GIVEN INFORMATION:
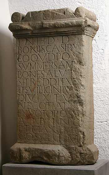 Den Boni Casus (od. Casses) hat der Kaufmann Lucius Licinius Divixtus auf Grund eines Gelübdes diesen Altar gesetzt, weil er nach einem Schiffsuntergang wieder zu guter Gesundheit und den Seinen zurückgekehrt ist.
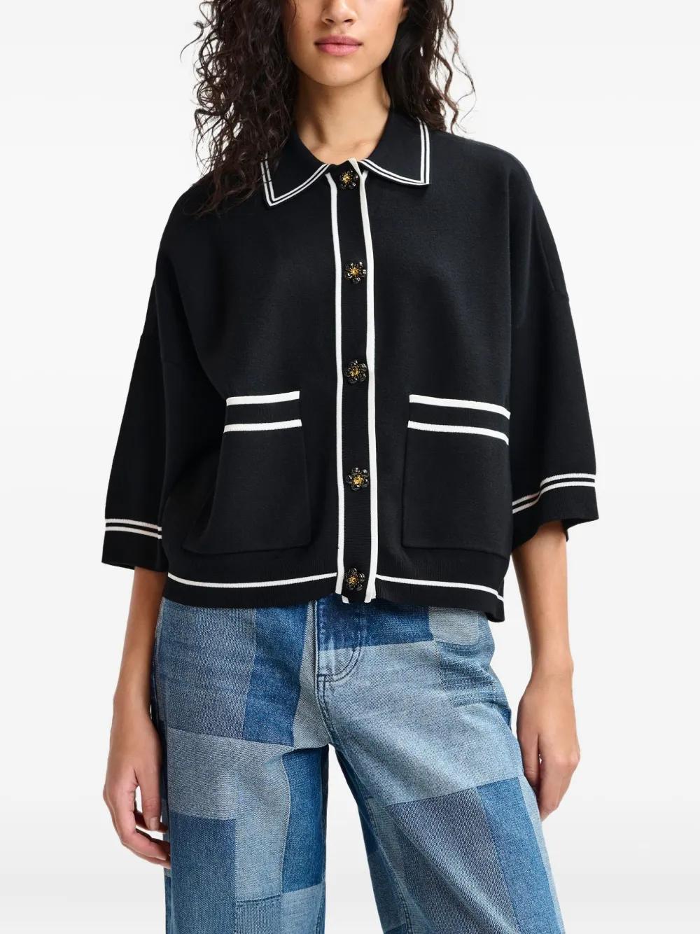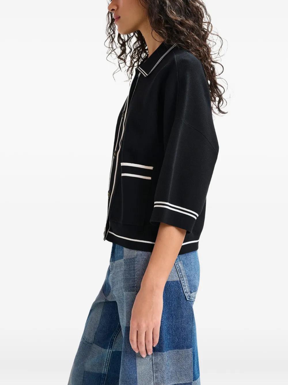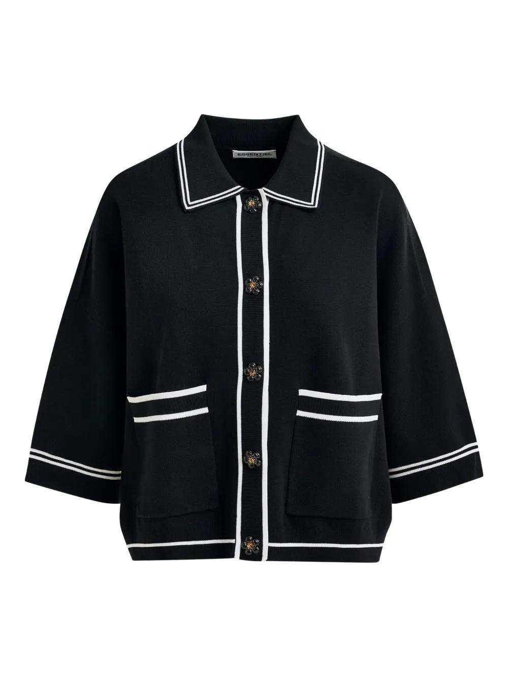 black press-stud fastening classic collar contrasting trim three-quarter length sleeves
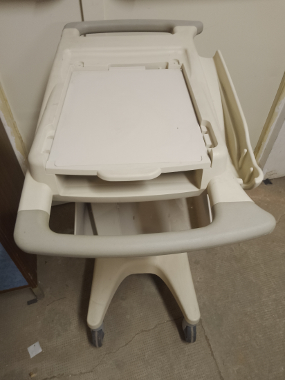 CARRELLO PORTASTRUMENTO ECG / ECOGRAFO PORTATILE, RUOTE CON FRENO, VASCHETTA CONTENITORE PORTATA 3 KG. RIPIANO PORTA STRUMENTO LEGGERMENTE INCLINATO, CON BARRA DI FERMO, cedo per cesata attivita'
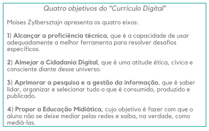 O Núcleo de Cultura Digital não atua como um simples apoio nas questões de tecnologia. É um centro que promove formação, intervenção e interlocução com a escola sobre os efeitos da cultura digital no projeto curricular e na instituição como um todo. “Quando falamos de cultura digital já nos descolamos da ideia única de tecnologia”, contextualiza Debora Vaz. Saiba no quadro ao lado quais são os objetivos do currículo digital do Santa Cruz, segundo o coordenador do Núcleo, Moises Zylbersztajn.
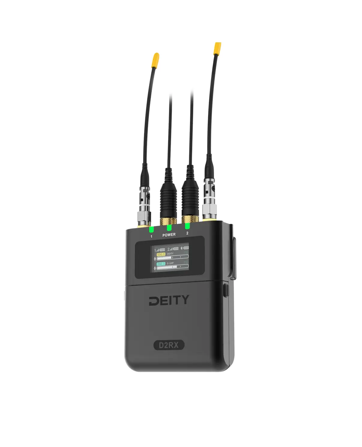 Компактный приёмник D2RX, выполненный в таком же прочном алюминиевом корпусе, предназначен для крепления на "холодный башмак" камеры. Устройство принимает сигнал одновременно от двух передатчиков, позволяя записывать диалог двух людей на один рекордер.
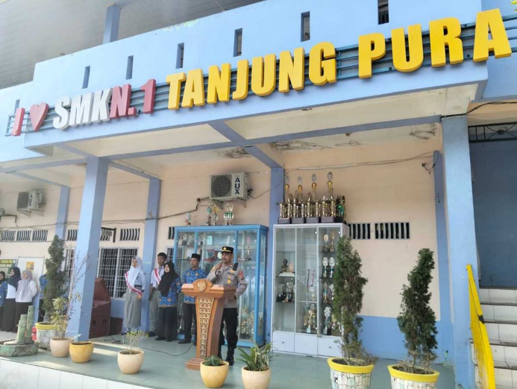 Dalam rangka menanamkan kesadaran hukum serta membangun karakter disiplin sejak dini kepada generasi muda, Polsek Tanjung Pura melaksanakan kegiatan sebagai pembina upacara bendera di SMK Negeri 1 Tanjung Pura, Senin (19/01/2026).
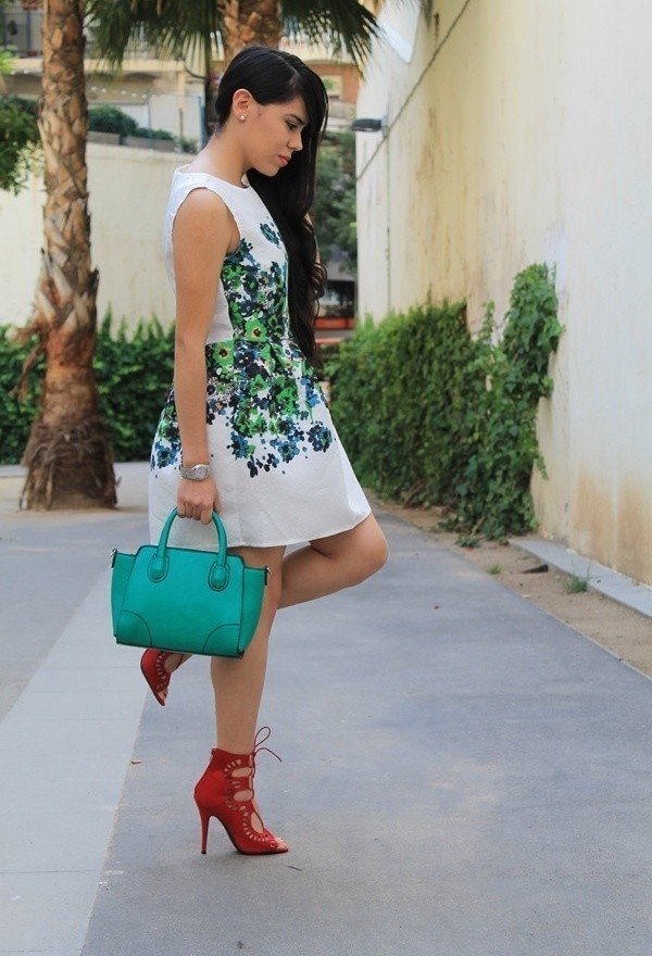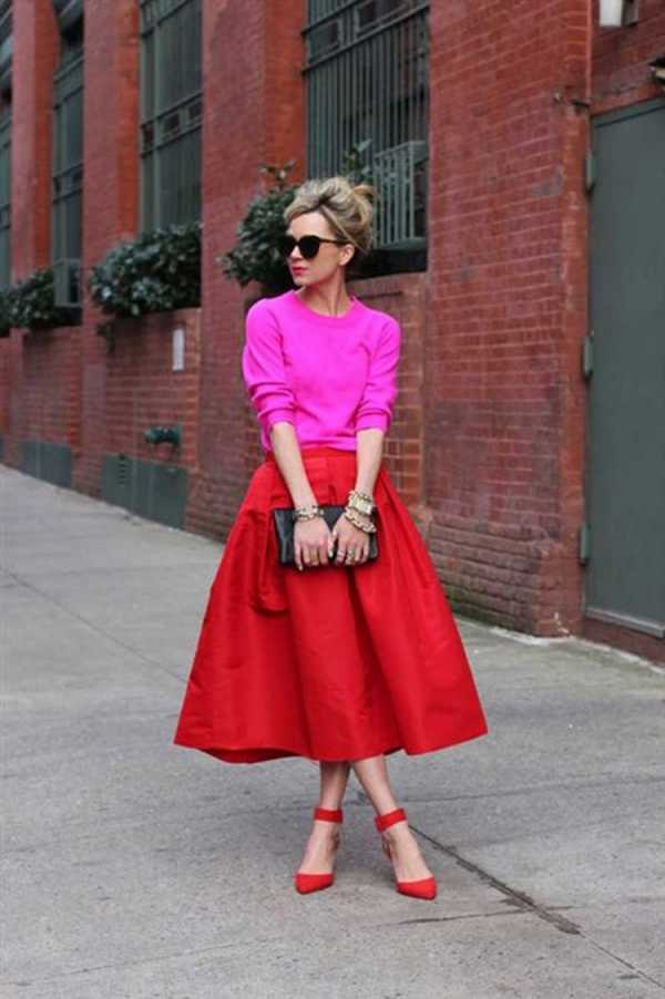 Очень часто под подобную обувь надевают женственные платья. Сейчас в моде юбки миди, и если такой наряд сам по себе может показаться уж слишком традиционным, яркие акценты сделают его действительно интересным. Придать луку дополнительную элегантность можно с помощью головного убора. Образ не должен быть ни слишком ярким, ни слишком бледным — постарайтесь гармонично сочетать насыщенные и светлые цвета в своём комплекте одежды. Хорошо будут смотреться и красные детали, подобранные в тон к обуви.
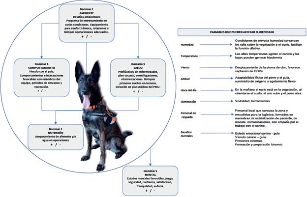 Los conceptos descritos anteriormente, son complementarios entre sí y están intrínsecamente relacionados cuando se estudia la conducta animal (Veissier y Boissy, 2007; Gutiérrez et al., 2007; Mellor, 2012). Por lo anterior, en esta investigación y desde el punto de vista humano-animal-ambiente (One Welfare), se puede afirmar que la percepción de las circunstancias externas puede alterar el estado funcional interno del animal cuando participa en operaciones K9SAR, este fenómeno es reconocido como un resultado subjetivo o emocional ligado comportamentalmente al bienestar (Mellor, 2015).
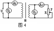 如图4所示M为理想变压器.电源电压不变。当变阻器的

ACTION ITEM:
Exact copy, pictures removed: set down the whole listing above.

RESULT:
 Den Boni Casus (od. Casses) hat der Kaufmann Lucius Licinius Divixtus auf Grund eines Gelübdes diesen Altar gesetzt, weil er nach einem Schiffsuntergang wieder zu guter Gesundheit und den Seinen zurückgekehrt ist.
 black press-stud fastening classic collar contrasting trim three-quarter length sleeves
 CARRELLO PORTASTRUMENTO ECG / ECOGRAFO PORTATILE, RUOTE CON FRENO, VASCHETTA CONTENITORE PORTATA 3 KG. RIPIANO PORTA STRUMENTO LEGGERMENTE INCLINATO, CON BARRA DI FERMO, cedo per cesata attivita'
 O Núcleo de Cultura Digital não atua como um simples apoio nas questões de tecnologia. É um centro que promove formação, intervenção e interlocução com a escola sobre os efeitos da cultura digital no projeto curricular e na instituição como um todo. “Quando falamos de cultura digital já nos descolamos da ideia única de tecnologia”, contextualiza Debora Vaz. Saiba no quadro ao lado quais são os objetivos do currículo digital do Santa Cruz, segundo o coordenador do Núcleo, Moises Zylbersztajn.
 Компактный приёмник D2RX, выполненный в таком же прочном алюминиевом корпусе, предназначен для крепления на "холодный башмак" камеры. Устройство принимает сигнал одновременно от двух передатчиков, позволяя записывать диалог двух людей на один рекордер.
 Dalam rangka menanamkan kesadaran hukum serta membangun karakter disiplin sejak dini kepada generasi muda, Polsek Tanjung Pura melaksanakan kegiatan sebagai pembina upacara bendera di SMK Negeri 1 Tanjung Pura, Senin (19/01/2026).
 Очень часто под подобную обувь надевают женственные платья. Сейчас в моде юбки миди, и если такой наряд сам по себе может показаться уж слишком традиционным, яркие акценты сделают его действительно интересным. Придать луку дополнительную элегантность можно с помощью головного убора. Образ не должен быть ни слишком ярким, ни слишком бледным — постарайтесь гармонично сочетать насыщенные и светлые цвета в своём комплекте одежды. Хорошо будут смотреться и красные детали, подобранные в тон к обуви.
 Los conceptos descritos anteriormente, son complementarios entre sí y están intrínsecamente relacionados cuando se estudia la conducta animal (Veissier y Boissy, 2007; Gutiérrez et al., 2007; Mellor, 2012). Por lo anterior, en esta investigación y desde el punto de vista humano-animal-ambiente (One Welfare), se puede afirmar que la percepción de las circunstancias externas puede alterar el estado funcional interno del animal cuando participa en operaciones K9SAR, este fenómeno es reconocido como un resultado subjetivo o emocional ligado comportamentalmente al bienestar (Mellor, 2015).
 如图4所示M为理想变压器.电源电压不变。当变阻器的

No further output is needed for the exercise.